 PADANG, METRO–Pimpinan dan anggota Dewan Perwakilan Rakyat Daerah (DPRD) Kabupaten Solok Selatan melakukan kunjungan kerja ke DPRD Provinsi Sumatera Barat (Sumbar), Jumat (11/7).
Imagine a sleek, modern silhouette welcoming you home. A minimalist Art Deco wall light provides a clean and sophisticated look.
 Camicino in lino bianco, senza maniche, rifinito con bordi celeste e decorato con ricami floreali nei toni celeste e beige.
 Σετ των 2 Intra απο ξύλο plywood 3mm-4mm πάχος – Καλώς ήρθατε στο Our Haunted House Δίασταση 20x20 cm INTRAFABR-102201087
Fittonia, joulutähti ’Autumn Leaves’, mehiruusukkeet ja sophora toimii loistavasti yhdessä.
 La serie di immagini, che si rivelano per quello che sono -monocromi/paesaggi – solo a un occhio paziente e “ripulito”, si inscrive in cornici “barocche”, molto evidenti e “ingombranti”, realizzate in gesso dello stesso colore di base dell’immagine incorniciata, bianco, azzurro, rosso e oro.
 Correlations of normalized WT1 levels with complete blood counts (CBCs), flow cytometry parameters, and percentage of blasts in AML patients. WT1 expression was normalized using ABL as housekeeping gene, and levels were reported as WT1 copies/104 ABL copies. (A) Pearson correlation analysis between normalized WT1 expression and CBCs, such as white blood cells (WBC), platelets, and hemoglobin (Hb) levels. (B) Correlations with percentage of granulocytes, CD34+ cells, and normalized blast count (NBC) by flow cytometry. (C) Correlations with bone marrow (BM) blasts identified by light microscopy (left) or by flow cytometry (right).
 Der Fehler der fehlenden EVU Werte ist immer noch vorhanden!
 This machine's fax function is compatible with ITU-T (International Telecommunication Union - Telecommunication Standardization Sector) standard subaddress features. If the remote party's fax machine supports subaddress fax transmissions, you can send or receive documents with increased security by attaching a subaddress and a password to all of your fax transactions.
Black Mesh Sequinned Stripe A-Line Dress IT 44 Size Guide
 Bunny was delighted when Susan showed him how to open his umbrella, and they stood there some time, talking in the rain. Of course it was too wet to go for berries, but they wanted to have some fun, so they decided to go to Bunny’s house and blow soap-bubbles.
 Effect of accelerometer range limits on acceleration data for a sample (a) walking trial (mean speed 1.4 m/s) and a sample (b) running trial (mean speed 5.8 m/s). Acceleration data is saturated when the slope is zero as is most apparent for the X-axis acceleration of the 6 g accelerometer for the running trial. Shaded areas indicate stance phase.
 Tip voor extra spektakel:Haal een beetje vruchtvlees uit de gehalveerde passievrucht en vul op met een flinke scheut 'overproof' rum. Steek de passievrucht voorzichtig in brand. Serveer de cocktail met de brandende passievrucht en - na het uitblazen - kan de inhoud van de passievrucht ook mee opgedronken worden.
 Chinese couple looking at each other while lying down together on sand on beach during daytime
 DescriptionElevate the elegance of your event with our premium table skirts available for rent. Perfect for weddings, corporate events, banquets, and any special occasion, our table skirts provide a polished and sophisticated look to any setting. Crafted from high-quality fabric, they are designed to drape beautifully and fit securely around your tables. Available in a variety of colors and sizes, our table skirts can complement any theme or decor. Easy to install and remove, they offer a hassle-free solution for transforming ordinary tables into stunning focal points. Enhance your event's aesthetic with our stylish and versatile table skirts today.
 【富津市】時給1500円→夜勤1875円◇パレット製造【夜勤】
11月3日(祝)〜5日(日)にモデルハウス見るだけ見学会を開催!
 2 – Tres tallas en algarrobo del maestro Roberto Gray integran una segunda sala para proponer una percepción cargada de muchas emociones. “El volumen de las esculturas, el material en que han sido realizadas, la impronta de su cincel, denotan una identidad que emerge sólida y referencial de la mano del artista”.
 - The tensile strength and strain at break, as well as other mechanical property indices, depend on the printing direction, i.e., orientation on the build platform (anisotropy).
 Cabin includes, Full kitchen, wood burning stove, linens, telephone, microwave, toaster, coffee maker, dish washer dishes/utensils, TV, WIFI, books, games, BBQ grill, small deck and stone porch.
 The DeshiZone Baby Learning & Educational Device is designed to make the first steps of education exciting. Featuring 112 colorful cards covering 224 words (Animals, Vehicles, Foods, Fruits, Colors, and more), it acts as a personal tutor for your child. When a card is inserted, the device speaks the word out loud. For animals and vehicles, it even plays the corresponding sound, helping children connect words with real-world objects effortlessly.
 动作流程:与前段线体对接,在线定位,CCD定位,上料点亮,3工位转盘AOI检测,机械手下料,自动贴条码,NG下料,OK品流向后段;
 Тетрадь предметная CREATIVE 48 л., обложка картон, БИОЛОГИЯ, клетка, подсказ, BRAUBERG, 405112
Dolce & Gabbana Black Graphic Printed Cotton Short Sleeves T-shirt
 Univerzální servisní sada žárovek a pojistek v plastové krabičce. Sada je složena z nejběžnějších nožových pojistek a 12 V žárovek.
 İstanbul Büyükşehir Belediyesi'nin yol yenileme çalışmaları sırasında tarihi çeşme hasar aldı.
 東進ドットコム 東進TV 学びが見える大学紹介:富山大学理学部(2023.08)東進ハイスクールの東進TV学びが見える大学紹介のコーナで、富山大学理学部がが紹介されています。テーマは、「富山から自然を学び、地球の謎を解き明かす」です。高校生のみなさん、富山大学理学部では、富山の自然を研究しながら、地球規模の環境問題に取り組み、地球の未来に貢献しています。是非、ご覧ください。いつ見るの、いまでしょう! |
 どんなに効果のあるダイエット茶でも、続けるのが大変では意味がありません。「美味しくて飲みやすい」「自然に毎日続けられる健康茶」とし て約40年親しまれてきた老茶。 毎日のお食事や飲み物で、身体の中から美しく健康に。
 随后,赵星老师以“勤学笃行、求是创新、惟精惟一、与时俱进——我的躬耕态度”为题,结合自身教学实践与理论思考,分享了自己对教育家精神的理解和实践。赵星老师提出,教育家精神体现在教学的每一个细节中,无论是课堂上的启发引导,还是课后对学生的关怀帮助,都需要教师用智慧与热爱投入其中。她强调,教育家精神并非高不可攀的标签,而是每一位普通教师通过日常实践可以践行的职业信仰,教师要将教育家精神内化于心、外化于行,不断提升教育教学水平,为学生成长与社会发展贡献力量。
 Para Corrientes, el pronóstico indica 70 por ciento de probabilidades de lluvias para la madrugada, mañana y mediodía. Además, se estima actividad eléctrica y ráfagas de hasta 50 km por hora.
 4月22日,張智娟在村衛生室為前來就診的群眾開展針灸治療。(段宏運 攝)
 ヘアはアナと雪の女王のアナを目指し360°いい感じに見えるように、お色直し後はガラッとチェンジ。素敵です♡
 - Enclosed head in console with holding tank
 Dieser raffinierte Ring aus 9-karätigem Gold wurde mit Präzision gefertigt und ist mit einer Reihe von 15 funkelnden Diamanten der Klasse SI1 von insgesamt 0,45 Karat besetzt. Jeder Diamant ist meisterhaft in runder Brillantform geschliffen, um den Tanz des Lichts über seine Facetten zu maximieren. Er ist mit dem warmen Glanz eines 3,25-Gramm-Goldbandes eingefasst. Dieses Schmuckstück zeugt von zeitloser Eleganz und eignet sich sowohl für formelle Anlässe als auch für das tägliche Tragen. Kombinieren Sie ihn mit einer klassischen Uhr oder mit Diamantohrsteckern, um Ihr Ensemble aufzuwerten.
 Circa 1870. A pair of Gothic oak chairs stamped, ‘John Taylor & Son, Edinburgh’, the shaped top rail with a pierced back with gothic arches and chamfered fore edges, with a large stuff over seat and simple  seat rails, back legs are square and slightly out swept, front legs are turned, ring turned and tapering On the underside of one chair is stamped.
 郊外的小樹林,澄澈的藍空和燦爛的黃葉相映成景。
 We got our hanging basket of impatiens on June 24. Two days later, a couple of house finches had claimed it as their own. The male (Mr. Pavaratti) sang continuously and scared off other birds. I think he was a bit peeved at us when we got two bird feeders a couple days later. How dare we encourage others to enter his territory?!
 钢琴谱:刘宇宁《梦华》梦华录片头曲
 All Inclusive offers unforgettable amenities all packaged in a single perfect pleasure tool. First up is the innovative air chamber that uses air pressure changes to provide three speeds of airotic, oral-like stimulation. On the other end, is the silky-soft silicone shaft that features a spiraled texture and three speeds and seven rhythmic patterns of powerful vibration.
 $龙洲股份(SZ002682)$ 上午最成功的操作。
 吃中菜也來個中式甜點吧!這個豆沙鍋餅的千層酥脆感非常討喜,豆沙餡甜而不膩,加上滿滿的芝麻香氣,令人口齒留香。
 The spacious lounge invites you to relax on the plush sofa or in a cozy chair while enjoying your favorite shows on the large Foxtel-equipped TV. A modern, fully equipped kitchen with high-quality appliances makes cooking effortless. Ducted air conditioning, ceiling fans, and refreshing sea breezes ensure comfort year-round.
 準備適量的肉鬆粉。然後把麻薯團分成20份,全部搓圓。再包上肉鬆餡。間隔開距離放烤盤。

● Your instructions: Your response should be the exact lines running from the one with "All Inclusive offers" to the final line of the material above.

● Reply to the task:
 All Inclusive offers unforgettable amenities all packaged in a single perfect pleasure tool. First up is the innovative air chamber that uses air pressure changes to provide three speeds of airotic, oral-like stimulation. On the other end, is the silky-soft silicone shaft that features a spiraled texture and three speeds and seven rhythmic patterns of powerful vibration.
 $龙洲股份(SZ002682)$ 上午最成功的操作。
 吃中菜也來個中式甜點吧!這個豆沙鍋餅的千層酥脆感非常討喜,豆沙餡甜而不膩,加上滿滿的芝麻香氣,令人口齒留香。
 The spacious lounge invites you to relax on the plush sofa or in a cozy chair while enjoying your favorite shows on the large Foxtel-equipped TV. A modern, fully equipped kitchen with high-quality appliances makes cooking effortless. Ducted air conditioning, ceiling fans, and refreshing sea breezes ensure comfort year-round.
 準備適量的肉鬆粉。然後把麻薯團分成20份,全部搓圓。再包上肉鬆餡。間隔開距離放烤盤。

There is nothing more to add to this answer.